Я привел эти цитаты в переводе на современный русский, поскольку здесь нам важен лишь основной смысл, анализ же текста как такового был бы излишним. Итак, мы видим, что поход Игоря и Всеволода – мероприятие, по мысли автора, неправедное, и стрелы, сыплющиеся на их войско, - по всей видимости, наказание за это. Причины же неправедности похода – НРАВСТВЕННЫЕ, причем нравственный момент тут перекликается с тем, который присутствует в отрывках с Хорсом и Дажбогом: этот поход может косвенно повлечь за собой дестабилизацию внутри самой Русской земли и пробудить ненавистные поэту смуты. И Стрибогу это явление неугодно, видимо, так же, как Хорсу и Дажбогу, если его «чада» (в каком бы смысле это ни понимать) «наказывают» тех, кто затеял войну. Будь Стрибог кем-то вроде Ареса, он был бы рад-радешенек потасовке. А на деле – совсем не ясно, ХОЧЕТ ли он наказывать русских. Ведь не он САМ посылает стрелы, их полет – не выполнение его декларируемой ВОЛИ, а, очень возможно – так чувствуется по тексту, - некая отвлеченно-неизбежная в силу высшей справедливости кара.
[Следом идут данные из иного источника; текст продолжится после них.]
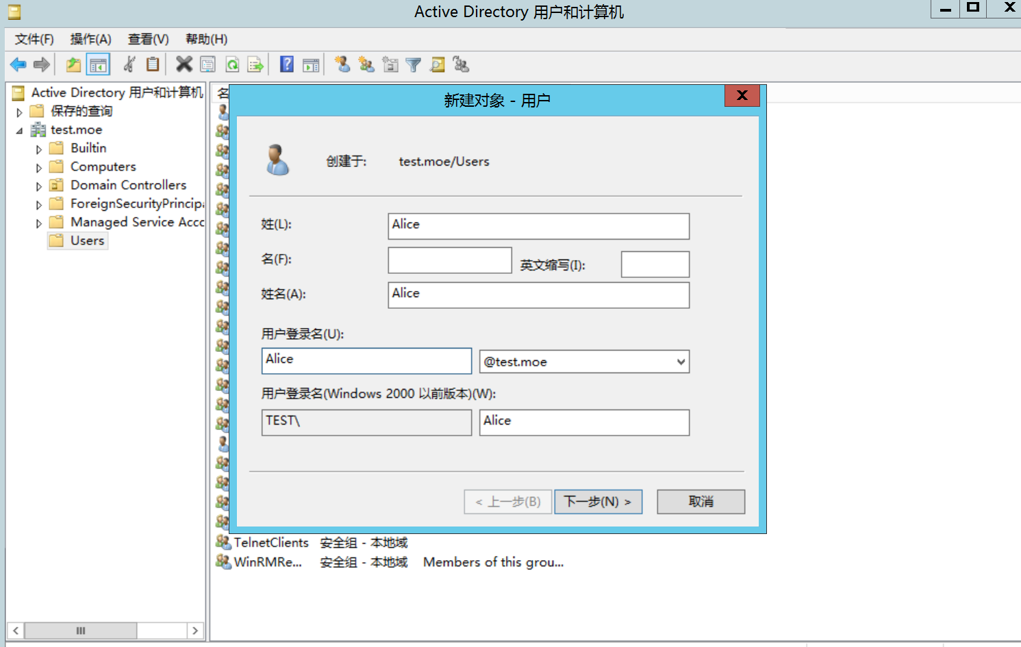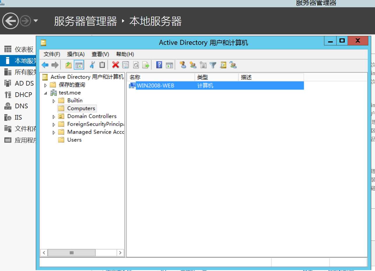 如上图 DC=test, DC=moe 就是 test.moe 域的域分区,包含以下内容:
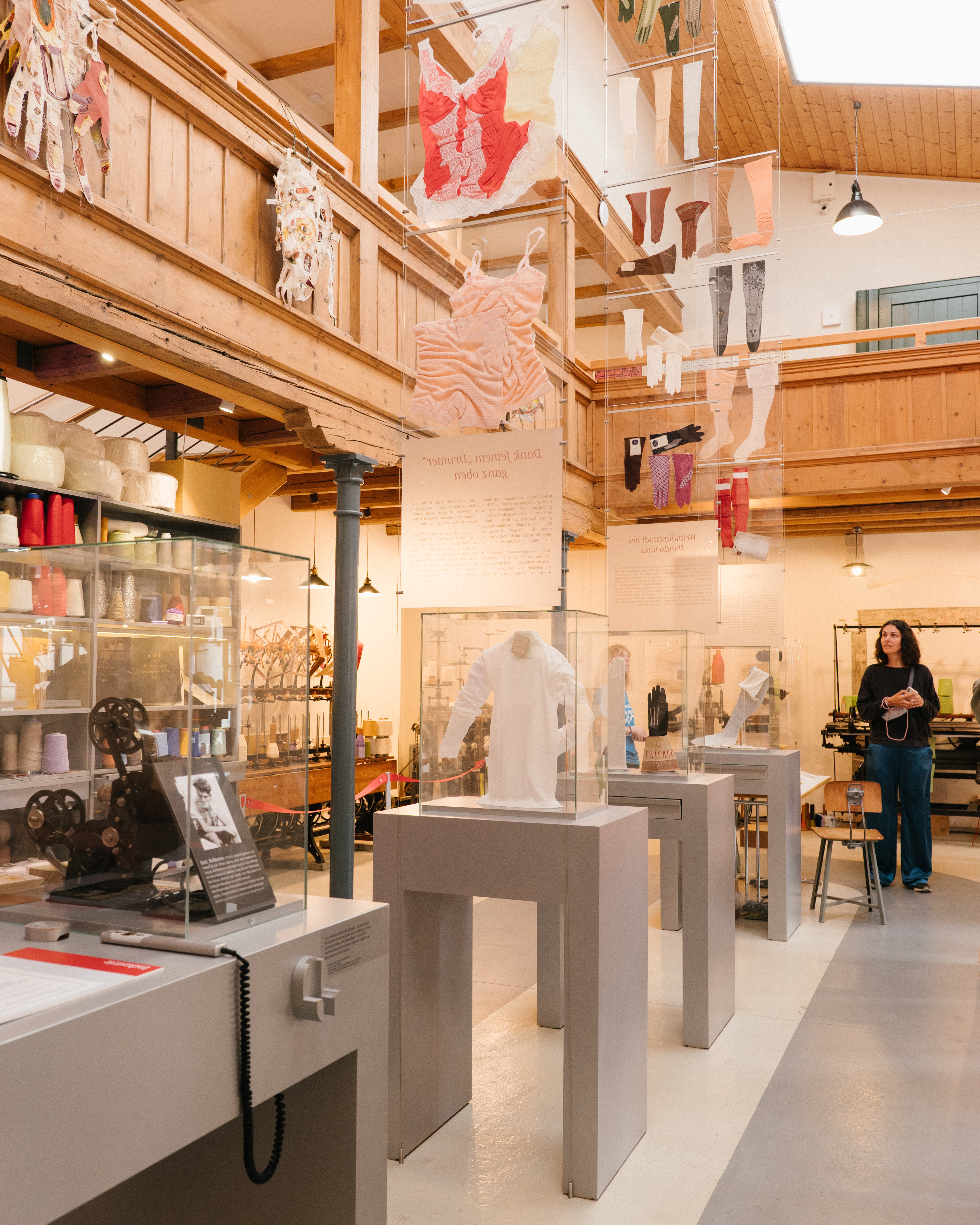 Ein Wochenende im Zeichen der Masche: Beim LOOP!-Strickfestival im Esche-Museum Limbach-Oberfrohna drehte sich alles um Stricken, nachhaltige Textilien und kreative Technologien. Der Auftakt am Freitagabend stand ganz im Zeichen von Licht, Kunst und Musik. Die Künstlerin Wiete Sommer eröffnete das Festival mit ihrer Performance Spiegelung. Spektralfarbene Körperbilder. Licht- und Klanginstallationen verwandelten das Museum bis in den späten Abend in einen atmosphärischen Erlebnisraum.
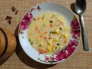На первое решила приготовить кулеш с салом пшённый. Для этого хотела использовать копчёную грудку, но в последний момент мне захотелось приготовить легкий, постный вариант, и добавлять ее не стала.
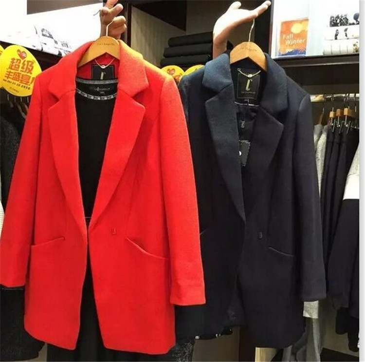 原單2015冬季新款時(shí)尚休閑潮流女式長款毛呢外套大衣10007980 /
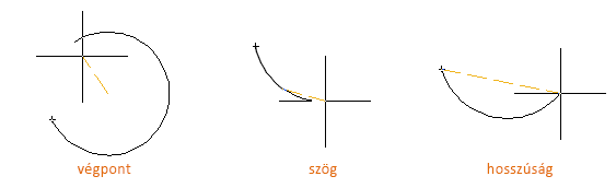 Pozitív számérték megadása az óramutató járásával ellentétes irányú ívszakaszokat hoz létre. Negatív számérték megadása az óra járásával megegyező irányú ívszakaszokat hoz létre.
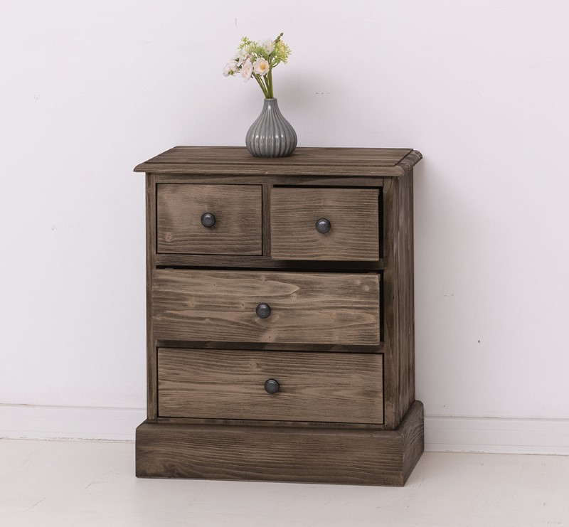 Table de nuit 4 tiroirs en pin massif — Largeur 51 cm
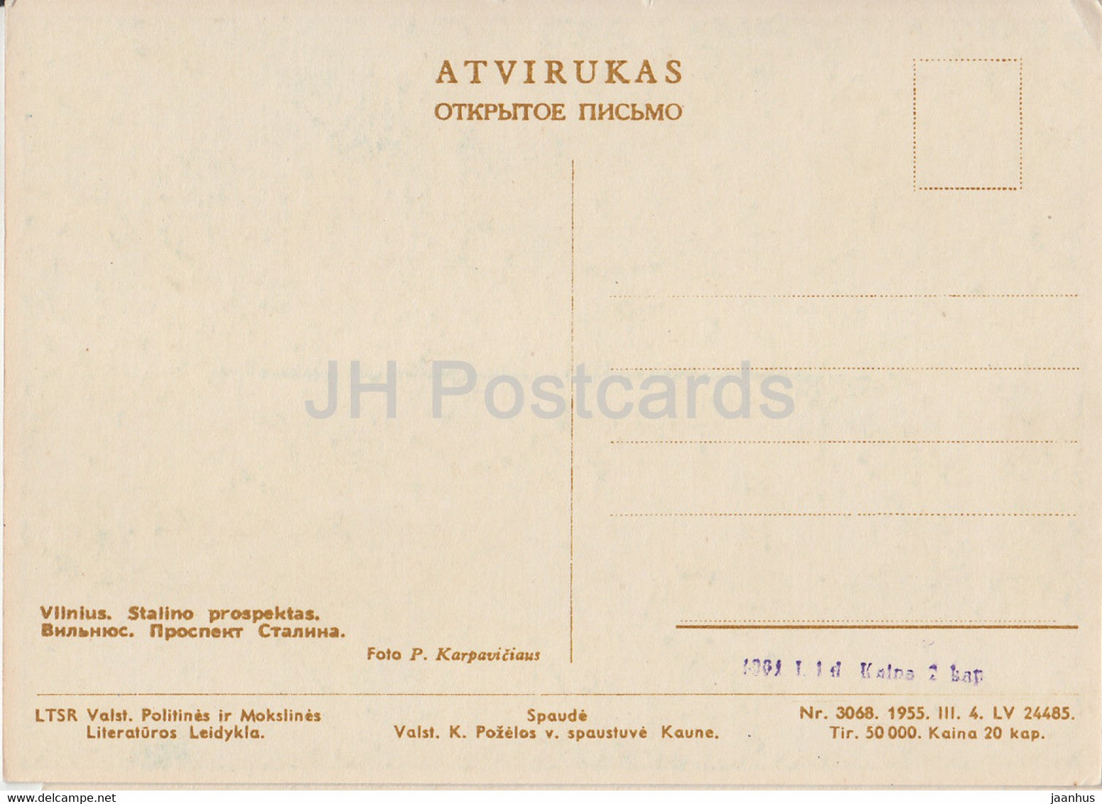 Vilnius - Stalin-Prospekt - Allee - Bus - 1955 - Litauen UdSSR - unbenutzt
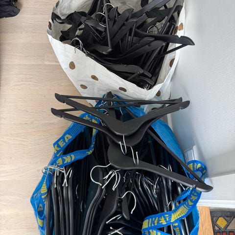 Sorte plastbøjler kan låse tøj fast, så det kan udstilles ude på gaden på et tøjstativ. Bøjlerne er næsten ikke brugt. Købt hos Alpa Security
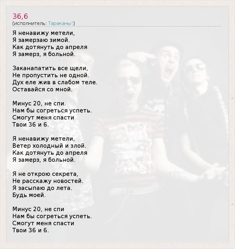 Я ненавижу метели, Я замерзаю зимой. Как дотянуть до апреля Я замерз, я больной. Заканапатить все щели, Не пропустить не одной. Дух еле жив в слабом теле. Оставайся со мной. Минус 20, не спи. Нам бы согреться успеть. Смогут меня спасти Твои 36 и 6. Я ненавижу метели, Ветер холодный и злой. Как дотянуть до апреля Я замерз, я больной. Я не открою секрета, Не расскажу новостей. Я засыпаю до лета. Будь моей. Минус 20, не спи Нам бы согреться успеть. Смогут меня спасти Твои 36 и 6.
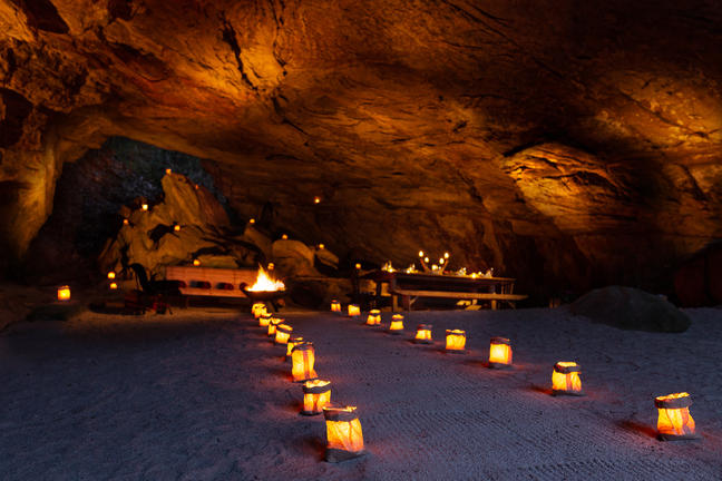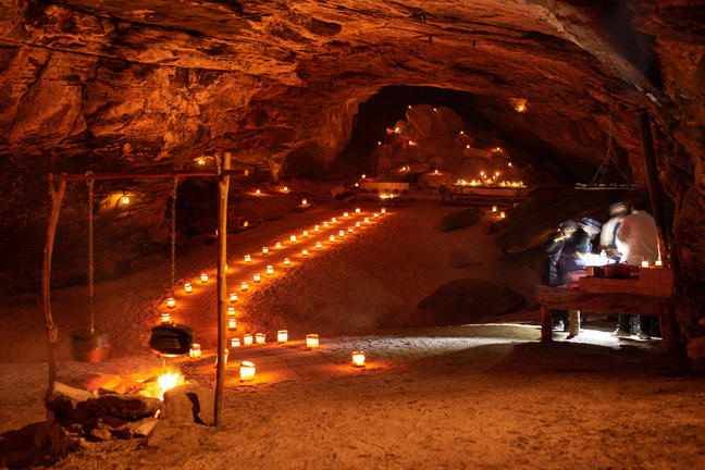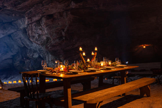 A unique and exclusive dining experience unlike any other: a gourmet dinner nestled within the enchanting embrace of a natural cave.
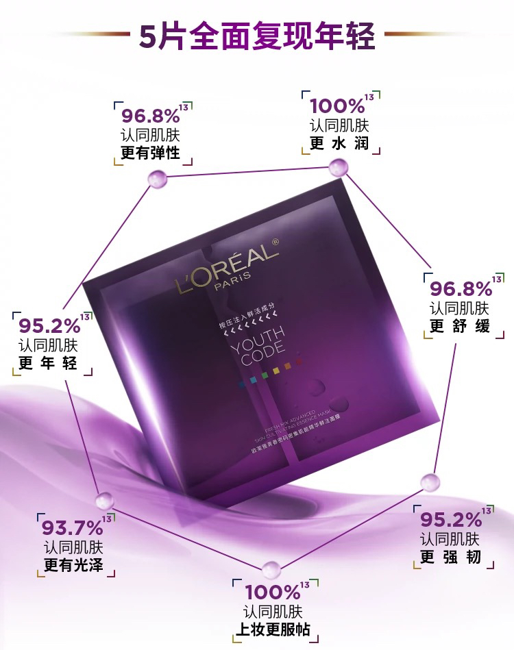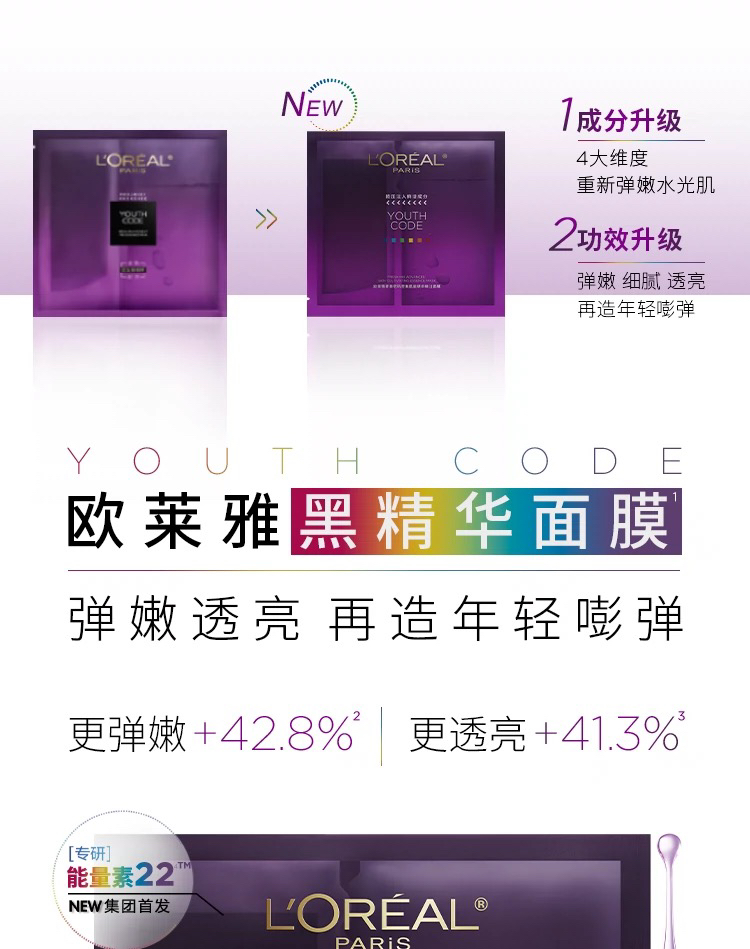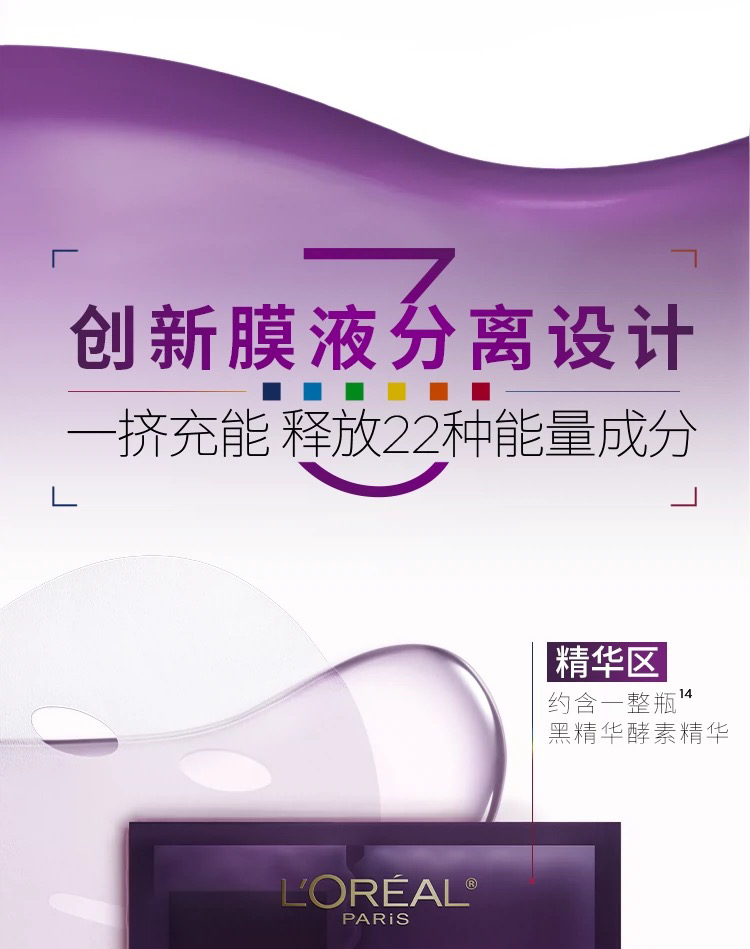 法国 L'OREAL欧莱雅 黑酵素抗初老紧致保湿精华面膜 5片
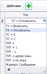 Столбец "Тип" позволяет выбрать необходимый тип управляющего воздействия:

Кстати, обратим внимание, что, насколько это поддается прослеживанию, все трое – и Хорс, и Дажбог, и Стрибог, - ставятся автором в одну, в высшей степени согласованную позицию по отношению к происходящему. Они НРАВСТВЕННО ЕДИНЫ.
Но пока еще не станем задерживаться на обобщающих моментах, а завершим разговор о Стрибоге. Он – во-первых, потому, что его «чадами» названы не живые люди, а ветры, а во-вторых потому, что из всей «Трояновой группы» упоминается в общей сложности реже всех (только один раз в «Слове» и один же раз в ПВЛ), - воспринимается как персонаж более «отвлеченный», нежели другие: впечатление таково, что его очень чтили, но как-то мало «олицетворяли»: в нем меньше всего определенности, хотя и прочие образы хорсианской системы в этом плане не блещут…

Раздел 4 - Велес

А теперь поговорим о Велесе. Обсуждая его, мы опять временно отложим в сторону «Слово», в котором его чадом назван вещий Боян, но больше информации нет, и вернемся к летописи, при рассмотрении которой мне лично бросается в глаза ряд странностей. Потолкуем о них по порядку.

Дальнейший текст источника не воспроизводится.